TASK DIRECTIONS:
The listing below holds pictures; exclude them. Return exactly the lines from the one with "조식은 07:00 ~" through the one with "(Дунстан 210 x".

ENTRIES SUPPLIED:
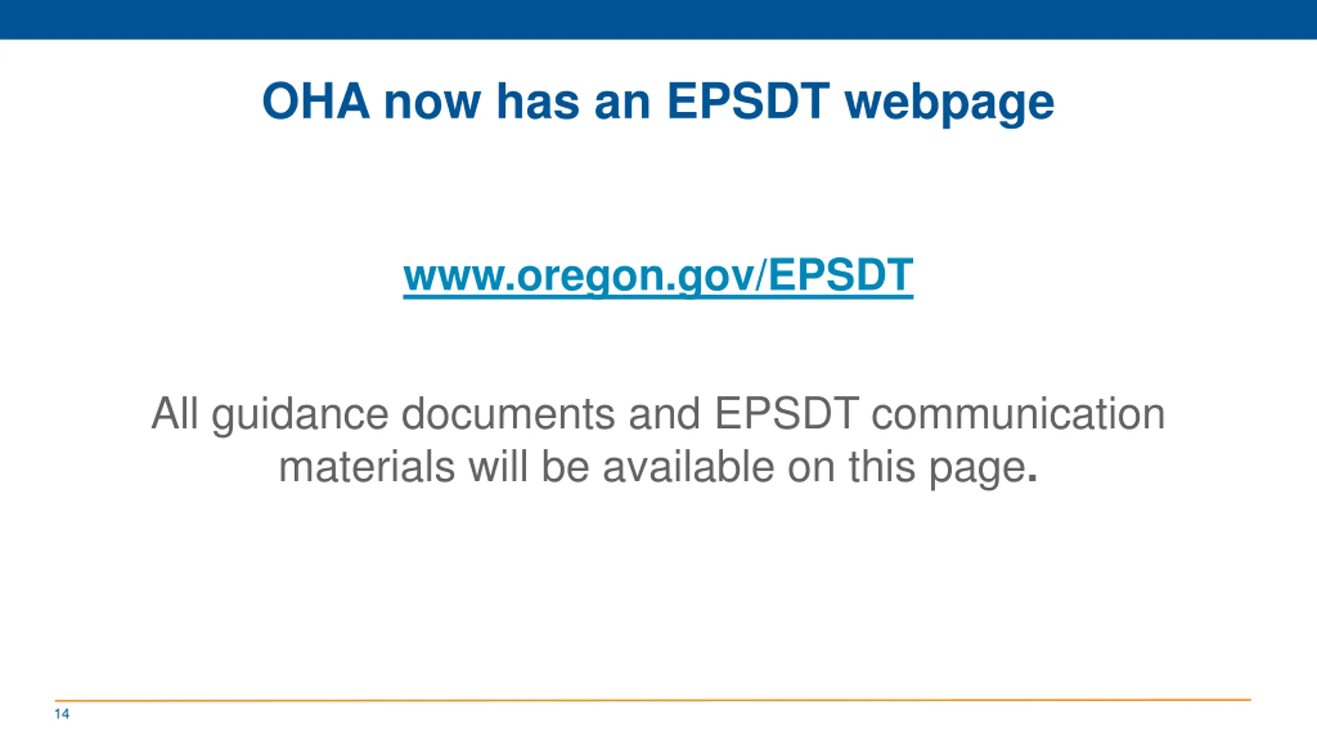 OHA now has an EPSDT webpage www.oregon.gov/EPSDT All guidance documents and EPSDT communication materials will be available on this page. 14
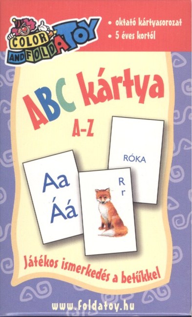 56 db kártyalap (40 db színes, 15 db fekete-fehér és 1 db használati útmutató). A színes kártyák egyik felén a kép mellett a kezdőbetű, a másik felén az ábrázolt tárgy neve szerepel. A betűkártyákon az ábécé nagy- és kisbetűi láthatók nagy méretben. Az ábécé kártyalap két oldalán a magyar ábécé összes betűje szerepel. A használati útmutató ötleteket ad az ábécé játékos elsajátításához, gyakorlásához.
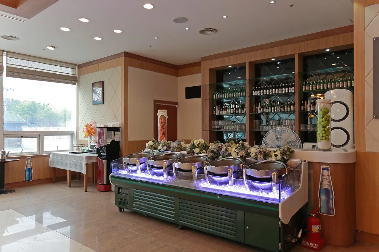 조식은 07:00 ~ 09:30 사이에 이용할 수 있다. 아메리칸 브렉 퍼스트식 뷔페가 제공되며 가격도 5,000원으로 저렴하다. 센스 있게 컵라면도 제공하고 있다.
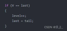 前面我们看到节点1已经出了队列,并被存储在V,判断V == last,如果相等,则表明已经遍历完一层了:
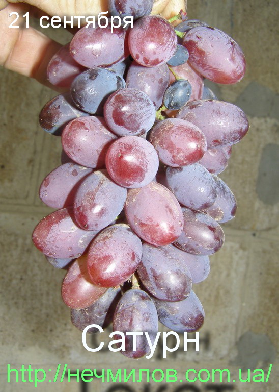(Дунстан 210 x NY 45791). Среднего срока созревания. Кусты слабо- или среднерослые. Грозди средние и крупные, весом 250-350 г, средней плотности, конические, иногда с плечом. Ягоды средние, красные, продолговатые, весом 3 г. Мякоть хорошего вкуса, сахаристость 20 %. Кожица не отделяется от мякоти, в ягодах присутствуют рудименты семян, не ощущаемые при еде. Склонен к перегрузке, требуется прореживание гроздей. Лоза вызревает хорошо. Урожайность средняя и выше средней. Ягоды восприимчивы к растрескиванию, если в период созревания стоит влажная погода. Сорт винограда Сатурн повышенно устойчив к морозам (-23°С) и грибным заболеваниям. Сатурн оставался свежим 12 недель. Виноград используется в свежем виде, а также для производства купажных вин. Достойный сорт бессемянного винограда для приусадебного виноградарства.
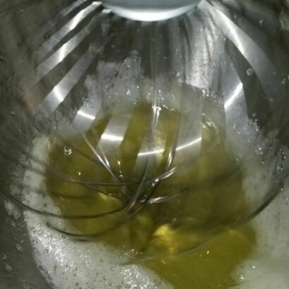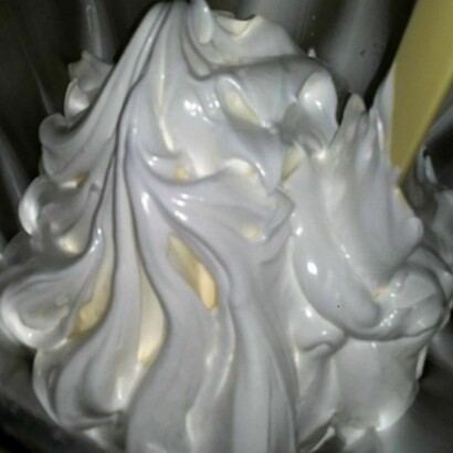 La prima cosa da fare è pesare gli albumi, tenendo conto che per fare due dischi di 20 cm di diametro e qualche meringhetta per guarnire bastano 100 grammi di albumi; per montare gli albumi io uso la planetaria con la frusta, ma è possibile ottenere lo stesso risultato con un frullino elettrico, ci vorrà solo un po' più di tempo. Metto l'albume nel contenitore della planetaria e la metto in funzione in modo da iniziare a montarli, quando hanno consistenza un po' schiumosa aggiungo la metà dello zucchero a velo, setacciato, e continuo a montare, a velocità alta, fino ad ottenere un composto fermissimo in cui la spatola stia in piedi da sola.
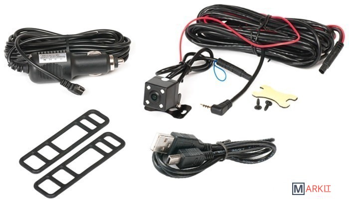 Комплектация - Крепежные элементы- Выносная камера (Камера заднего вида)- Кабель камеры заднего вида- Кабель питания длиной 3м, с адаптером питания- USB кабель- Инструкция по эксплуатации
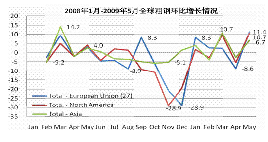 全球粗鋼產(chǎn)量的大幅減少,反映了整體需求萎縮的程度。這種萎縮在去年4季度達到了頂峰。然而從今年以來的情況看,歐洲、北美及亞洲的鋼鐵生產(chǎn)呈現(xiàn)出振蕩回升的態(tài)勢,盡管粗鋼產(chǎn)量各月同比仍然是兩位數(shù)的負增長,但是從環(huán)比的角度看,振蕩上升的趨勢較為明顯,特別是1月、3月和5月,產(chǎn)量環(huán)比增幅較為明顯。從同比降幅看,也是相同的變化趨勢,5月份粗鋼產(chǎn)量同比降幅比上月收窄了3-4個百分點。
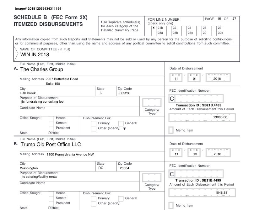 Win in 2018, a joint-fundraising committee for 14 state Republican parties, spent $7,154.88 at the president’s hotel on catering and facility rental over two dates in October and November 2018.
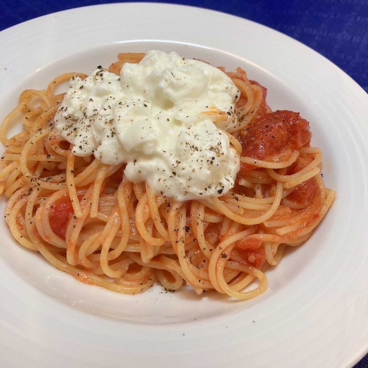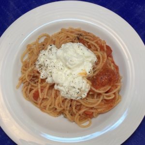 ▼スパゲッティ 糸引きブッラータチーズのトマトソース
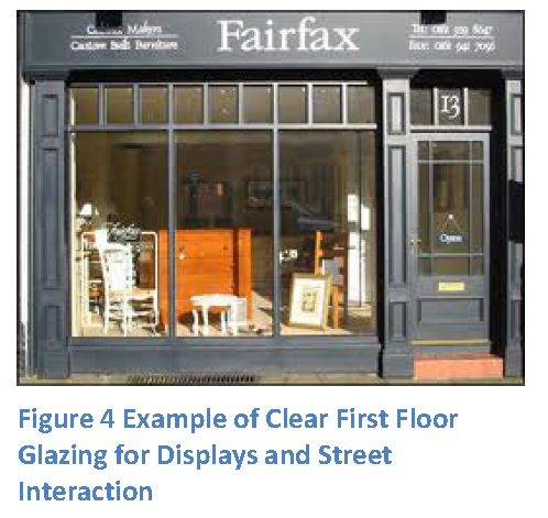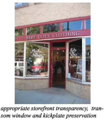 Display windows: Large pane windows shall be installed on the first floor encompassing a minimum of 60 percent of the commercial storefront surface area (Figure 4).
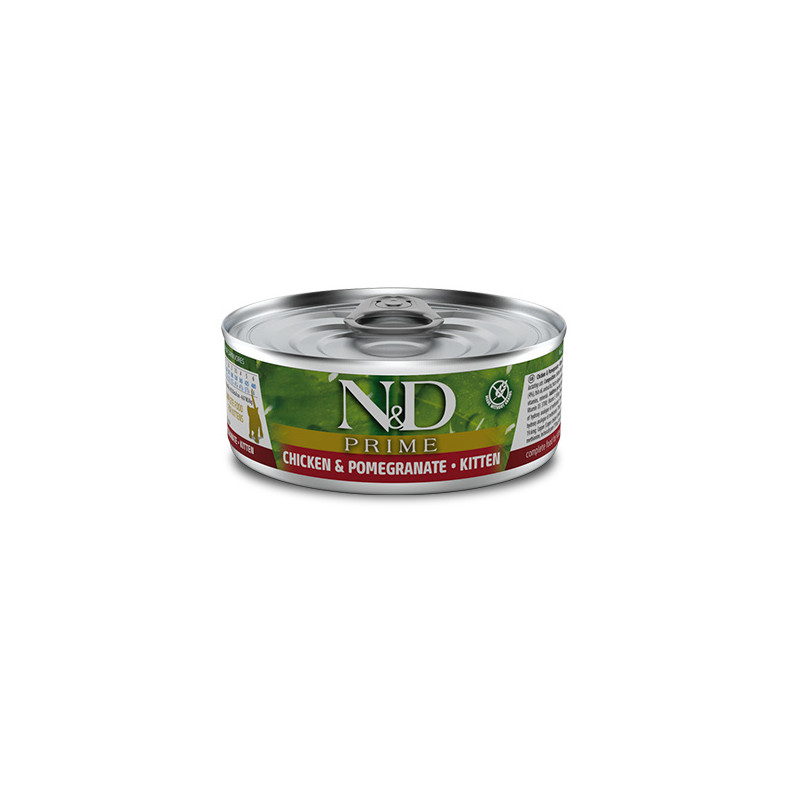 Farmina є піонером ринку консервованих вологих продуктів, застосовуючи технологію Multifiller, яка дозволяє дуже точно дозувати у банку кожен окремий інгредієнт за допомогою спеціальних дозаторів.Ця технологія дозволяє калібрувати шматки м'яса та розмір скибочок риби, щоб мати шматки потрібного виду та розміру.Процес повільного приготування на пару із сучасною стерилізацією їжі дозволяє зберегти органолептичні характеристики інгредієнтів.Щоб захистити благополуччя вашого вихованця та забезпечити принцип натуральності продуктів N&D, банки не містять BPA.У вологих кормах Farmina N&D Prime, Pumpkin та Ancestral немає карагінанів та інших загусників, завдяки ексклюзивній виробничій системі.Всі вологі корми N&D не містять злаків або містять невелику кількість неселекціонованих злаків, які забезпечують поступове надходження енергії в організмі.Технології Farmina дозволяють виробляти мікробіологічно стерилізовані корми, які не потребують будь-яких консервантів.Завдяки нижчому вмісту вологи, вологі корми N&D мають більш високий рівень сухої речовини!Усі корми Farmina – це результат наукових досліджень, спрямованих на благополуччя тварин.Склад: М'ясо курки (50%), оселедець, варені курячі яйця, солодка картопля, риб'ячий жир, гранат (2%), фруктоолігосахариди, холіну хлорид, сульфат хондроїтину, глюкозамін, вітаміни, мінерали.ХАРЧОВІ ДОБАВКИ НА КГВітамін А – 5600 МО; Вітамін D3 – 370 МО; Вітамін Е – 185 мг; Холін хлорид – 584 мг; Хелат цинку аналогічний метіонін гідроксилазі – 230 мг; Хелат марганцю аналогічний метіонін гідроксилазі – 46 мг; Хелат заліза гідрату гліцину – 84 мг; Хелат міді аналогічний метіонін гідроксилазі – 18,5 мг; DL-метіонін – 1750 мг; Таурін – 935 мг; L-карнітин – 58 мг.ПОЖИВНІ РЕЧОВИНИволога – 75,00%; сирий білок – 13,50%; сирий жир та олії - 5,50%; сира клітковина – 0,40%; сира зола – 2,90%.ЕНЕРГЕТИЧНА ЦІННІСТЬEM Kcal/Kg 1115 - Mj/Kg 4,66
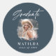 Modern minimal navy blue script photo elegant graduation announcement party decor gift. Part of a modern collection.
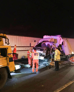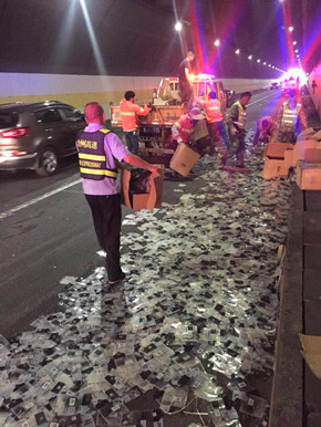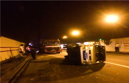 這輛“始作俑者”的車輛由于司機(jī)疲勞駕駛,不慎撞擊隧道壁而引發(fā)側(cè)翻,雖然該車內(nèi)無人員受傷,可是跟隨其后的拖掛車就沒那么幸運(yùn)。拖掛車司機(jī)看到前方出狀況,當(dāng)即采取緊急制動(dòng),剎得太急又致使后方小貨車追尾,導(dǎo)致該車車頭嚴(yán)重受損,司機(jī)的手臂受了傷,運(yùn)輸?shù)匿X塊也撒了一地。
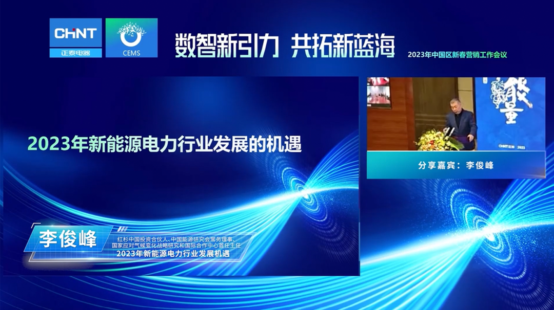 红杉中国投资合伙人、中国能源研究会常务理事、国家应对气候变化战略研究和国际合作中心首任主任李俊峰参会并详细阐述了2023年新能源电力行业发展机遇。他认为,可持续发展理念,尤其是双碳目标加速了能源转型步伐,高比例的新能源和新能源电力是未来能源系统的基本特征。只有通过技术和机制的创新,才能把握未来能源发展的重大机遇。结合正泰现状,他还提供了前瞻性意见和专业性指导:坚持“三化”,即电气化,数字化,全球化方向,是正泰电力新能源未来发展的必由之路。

WORKED SOLUTION:
 조식은 07:00 ~ 09:30 사이에 이용할 수 있다. 아메리칸 브렉 퍼스트식 뷔페가 제공되며 가격도 5,000원으로 저렴하다. 센스 있게 컵라면도 제공하고 있다.
 前面我们看到节点1已经出了队列,并被存储在V,判断V == last,如果相等,则表明已经遍历完一层了:
(Дунстан 210 x NY 45791). Среднего срока созревания. Кусты слабо- или среднерослые. Грозди средние и крупные, весом 250-350 г, средней плотности, конические, иногда с плечом. Ягоды средние, красные, продолговатые, весом 3 г. Мякоть хорошего вкуса, сахаристость 20 %. Кожица не отделяется от мякоти, в ягодах присутствуют рудименты семян, не ощущаемые при еде. Склонен к перегрузке, требуется прореживание гроздей. Лоза вызревает хорошо. Урожайность средняя и выше средней. Ягоды восприимчивы к растрескиванию, если в период созревания стоит влажная погода. Сорт винограда Сатурн повышенно устойчив к морозам (-23°С) и грибным заболеваниям. Сатурн оставался свежим 12 недель. Виноград используется в свежем виде, а также для производства купажных вин. Достойный сорт бессемянного винограда для приусадебного виноградарства.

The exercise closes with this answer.